Angel Station
- First edition
- Author: Walter Jon Williams
- Cover artist: Luis Royo
- Language: English
- Genre: Science fiction novel
- Publisher: Tor Books
- Publication date: 1990
- Publication place: United States
- Pages: 393
- ISBN: 0-312-93187-5
- OCLC: 19906566

= Angel Station (novel) =

1990 novel by Walter Jon Williams

Angel Station is a 1990 cyberpunk space opera science fiction novel by Walter Jon Williams.

==Plot introduction==

Using faster-than-light technology based on captured singularities, the human race has colonized dozens of star systems.

Ubu Roy and his sister Beautiful Maria are down-on-their-luck traders on the edge of human space. In a last-ditch effort to make money to pay their debts and repair their aging spacecraft, they are reduced to searching uncharted space for singularities to capture and sell.

In a rare stroke of luck, Ubu and Maria happen upon an alien spacecraft and make humanity's first contact with an alien race. As chance would have it, the alien ship is also in dire economic straits.

The alien technology is stronger than humanity's in some areas (such as biotechnology) and weaker in other areas (such as applied physics), providing ample opportunities for trade between the two ships.
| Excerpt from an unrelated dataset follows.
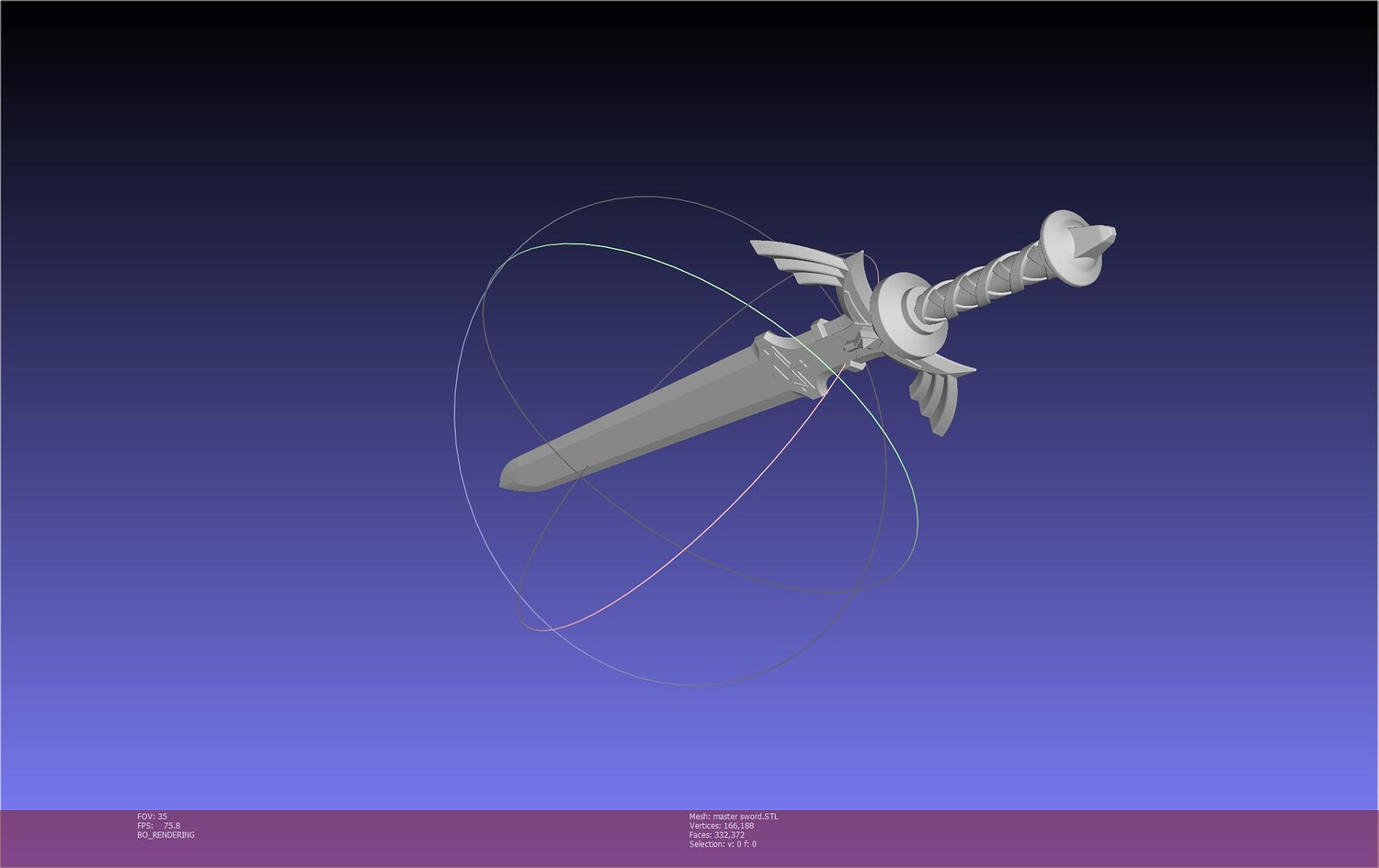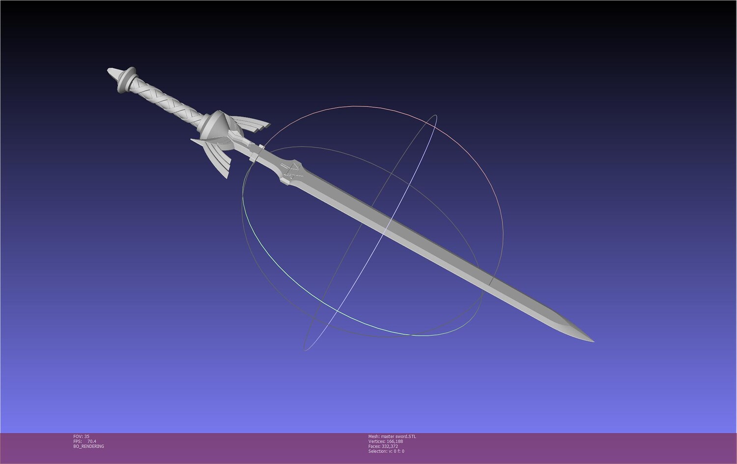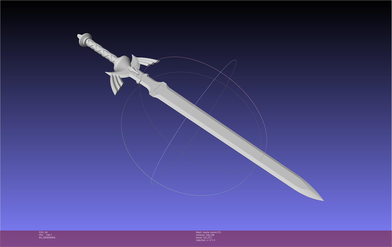 A 3d-model of the master sword from the zelda games this includes both a full model and a version split up into 7 parts for easier printing and assembly using 4mm support rods all parts are designed for easy printability and include both solid files for easy editing and printable stl and mesh files

Both ships become rich in their respective societies by repeated trade with each other. Each thinks they are taking advantage of the other.

However, Ubu and Maria's secret is discovered by their trading rivals, resulting in a struggle to determine who will control the lucrative trade with the aliens.

Ubu and Maria ultimately succeed through Ubu's better understanding of the alien race's psychology and Maria's genetically-engineered psychic abilities.